Try practice cards before you go to Independents if you haven't already. It's a loooooong year.
I did move much faster than the usual recommendations in that I ran Scoreboard Level 1 for about 2 weeks before introducing the Guff counter (because it was needed!), then introduced white practice cards after about a month, and that's lasted me through first quarter. I'm introducing purple practice cards start of second quarter because they're ready to start earning off their white cards by doing well, I feel. I started Independents about three weeks ago, two weeks after I introduced practice cards. It has been extremely powerful, but it's mostly powerful because the other pieces are in place.
Biffle put it really well at one of the conferences: We all focus on those problem kids at the beginning of the year and think, what can I do about that kid? How can I tackle his problems now and stop him from misbehaving? But that's not what the Scoreboard is about. The Scoreboard is RTI in and of itself, Level 1 will get almost all your kids, in this case it sounds like all but 2. Level 2 might take care of them, then Level 3 might get them if Level 2 doesn't, then Level 4, etc. The reason to not just start at Level 4 is that Level 1 takes the majority of your kids and puts them on your side. They're not just there and being good, they become your teaching assistants in keeping the other kids in line.
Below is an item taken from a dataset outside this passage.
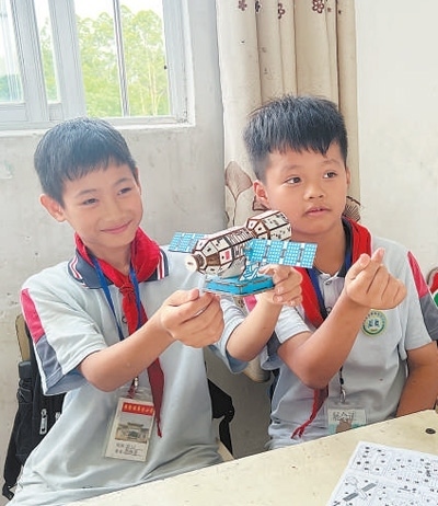 廣西壯族自治區(qū)貴港市平南縣廖村小學(xué)的學(xué)生在展示科普活動作品。廣西科技館供圖

My students now will tell me to put someone on the Independents when they have been acting poorly and scoring me lots of points. They effectively ostracize the poorly behaving student. That sounds awful, but I can tell a kid day and night to tuck in his shirt, and he won't. The minute the other students start suggesting he get put on the Independents, he says, "I don't want to be on that team!" and stops. That only works because the other students have full buy-in on the Scoreboard, and the Practice Cards and Guff Counter are in full play.
So, you're asking what works with the worst of the worst kids? The exact same system, no changes, just a little accelerated.
Finally, are you rocking a Super Improvers wall? I have a 14 year old gang member who was arrested last week for shoving a teacher come in today because he went a whole week with no discipline issues because he wanted to put stars up on his Super Improvers wall. He is excellent for me.
It still blows my mind that this hard hood kid who has had guns put to his head several times is super stoked about drawing stars on a colored piece of paper for no reward, and that is more powerful than all of the Scoreboard levels in getting him to behave better.